→ **DESCRIPTION OF THE TASK**: Could you repeat the listing exactly, leaving out the pictures?

→ **DATA SHOWN**:
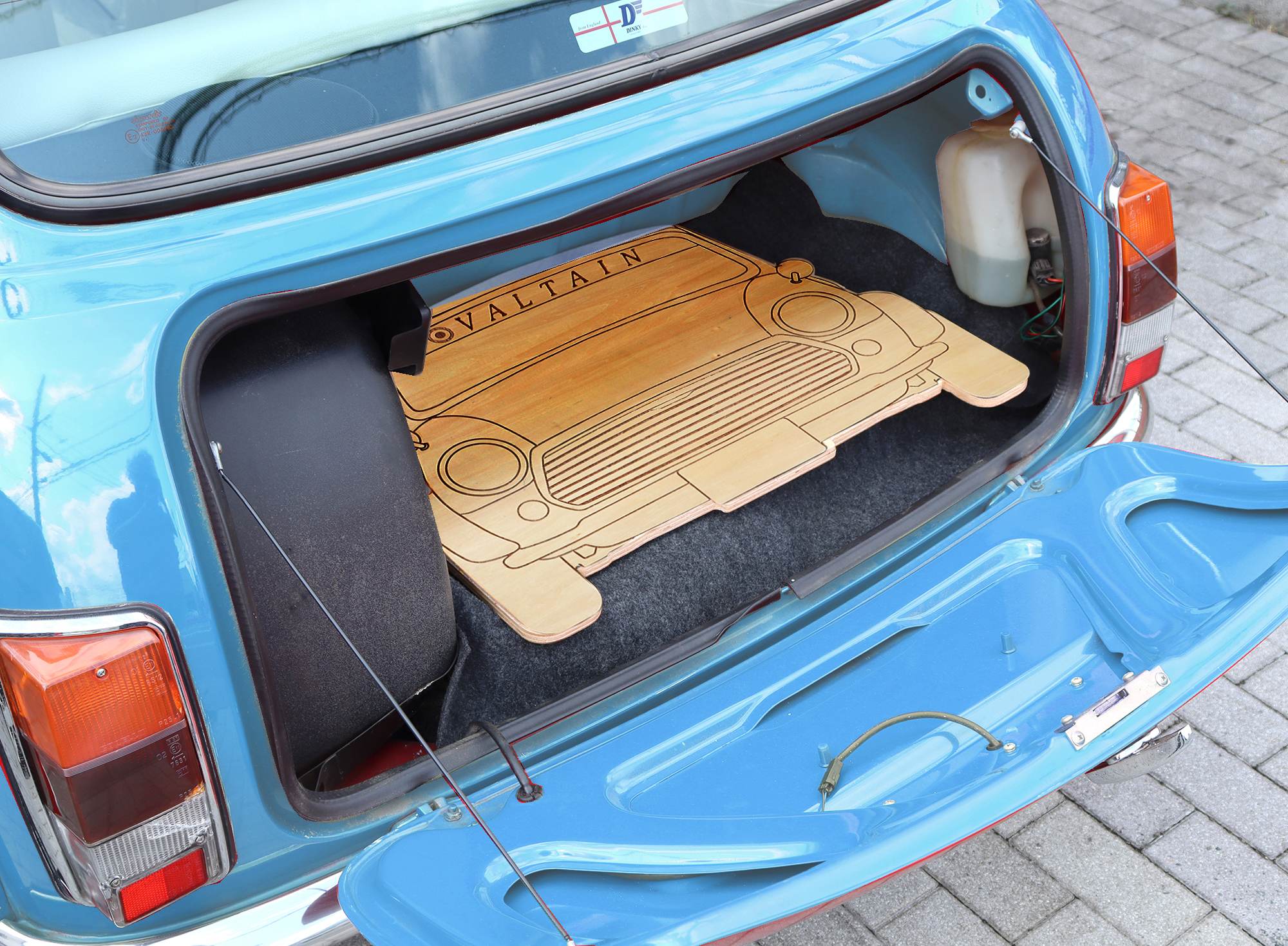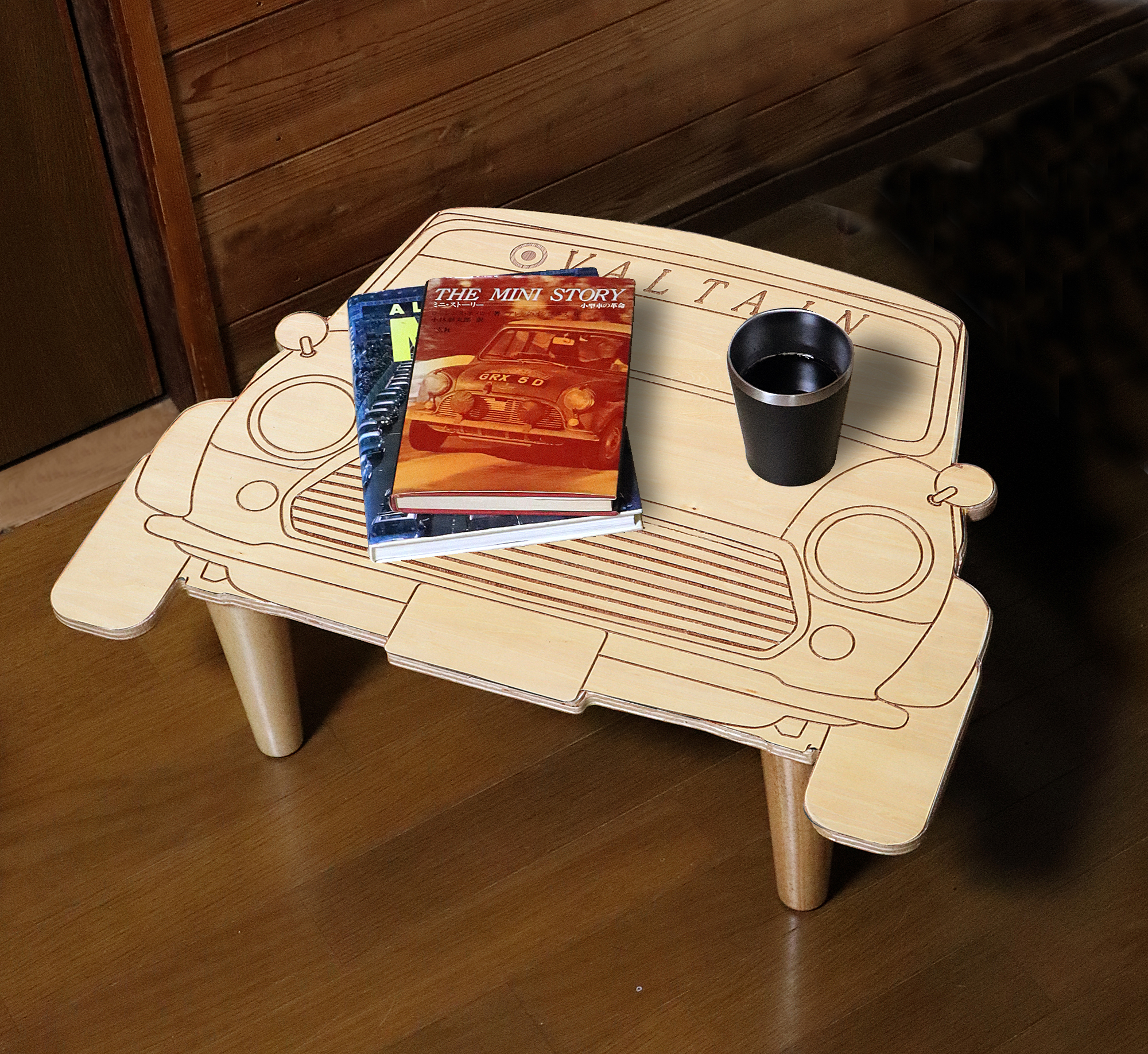 マークIIの顔が彫り込まれた、かわいいトランクテーブル第二弾。トランクテーブルを楽しめるのはミニの特権。足の長さ、トランクへの引っ掛け部分はミニにフィットする専用設計。天板はシングルタンクのトランクルームにピッタリ収まるサイズです。天気のいい日にちょっとそこまで、気軽にミニとお出かけしてランチタイムを楽しみましょう。
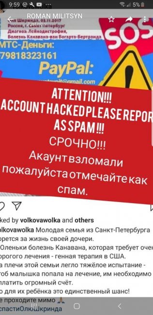 Впрочем на этом обман не закончился. Хакеры в инстаграме опубликовали от имени звезды обращение с просьбой о финансовой помощи якобы больному ребенку. «Молодая семья из Санкт-Петербурга борется за жизнь своей дочери. У Оленьки болезнь Канавана, которая требует очень дорогого лечения — генная терапия в США. На плечи этой семьи легло тяжёлое испытание — чтоб малышка попала на лечение, им необходимо оплатить огромный счёт. Но для их ребёнка это единственный шанс! Не проходите мимо», — появилось сообщение на странице звезды. А вскоре и вовсе злоумышленник вышел на связь с Екатериной и даже начал… вымогать у нее денег.
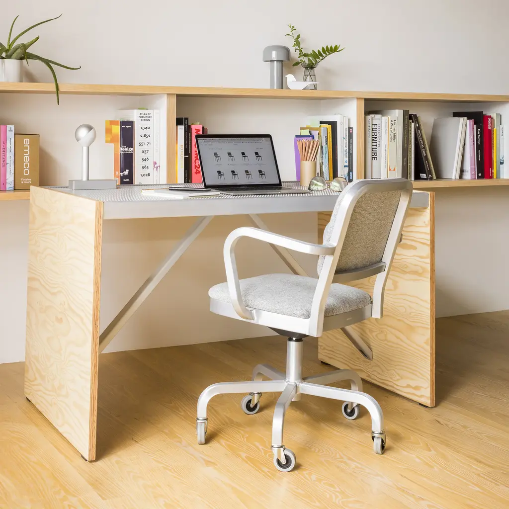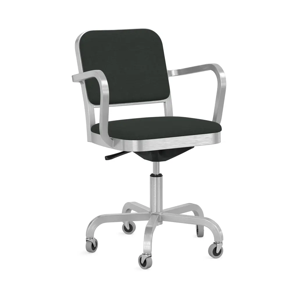 Jasper Morrison has given Emeco’s classic upholstered Navy Officer Collection a fresh, light and modern update. The Navy Officer Collection by Jasper Morrison features a chair, an armchair and swivel chairs, available in hand-brushed aluminum or a black powder coat finish. Upholstery is offered in a selection of Kvadrat and Maharam textiles and leathers. Features
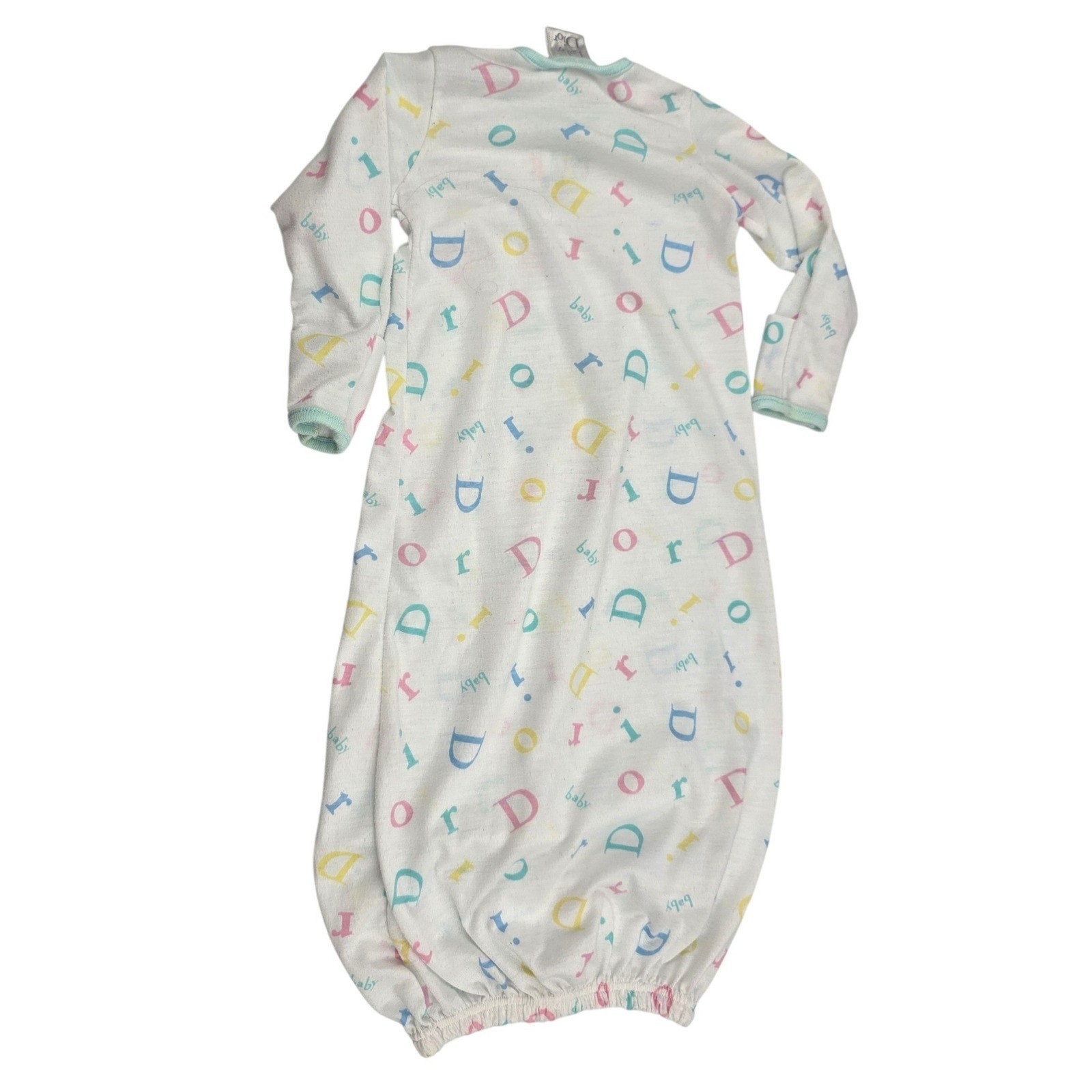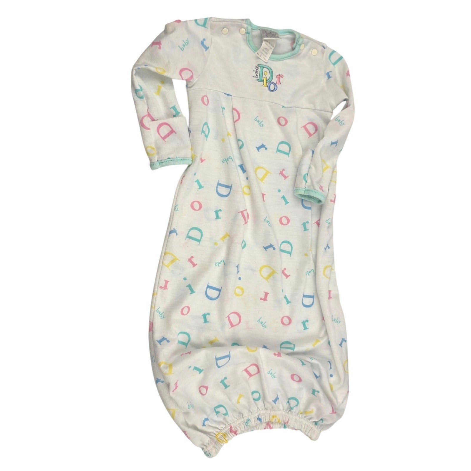 Vintage Baby Dior Spellout AOP Monogram Logo Letters Sack Sleep Gown Pajamas 0-3

→ **PROBLEM SOLUTION**:
 マークIIの顔が彫り込まれた、かわいいトランクテーブル第二弾。トランクテーブルを楽しめるのはミニの特権。足の長さ、トランクへの引っ掛け部分はミニにフィットする専用設計。天板はシングルタンクのトランクルームにピッタリ収まるサイズです。天気のいい日にちょっとそこまで、気軽にミニとお出かけしてランチタイムを楽しみましょう。
 Впрочем на этом обман не закончился. Хакеры в инстаграме опубликовали от имени звезды обращение с просьбой о финансовой помощи якобы больному ребенку. «Молодая семья из Санкт-Петербурга борется за жизнь своей дочери. У Оленьки болезнь Канавана, которая требует очень дорогого лечения — генная терапия в США. На плечи этой семьи легло тяжёлое испытание — чтоб малышка попала на лечение, им необходимо оплатить огромный счёт. Но для их ребёнка это единственный шанс! Не проходите мимо», — появилось сообщение на странице звезды. А вскоре и вовсе злоумышленник вышел на связь с Екатериной и даже начал… вымогать у нее денег.
 Jasper Morrison has given Emeco’s classic upholstered Navy Officer Collection a fresh, light and modern update. The Navy Officer Collection by Jasper Morrison features a chair, an armchair and swivel chairs, available in hand-brushed aluminum or a black powder coat finish. Upholstery is offered in a selection of Kvadrat and Maharam textiles and leathers. Features
 Vintage Baby Dior Spellout AOP Monogram Logo Letters Sack Sleep Gown Pajamas 0-3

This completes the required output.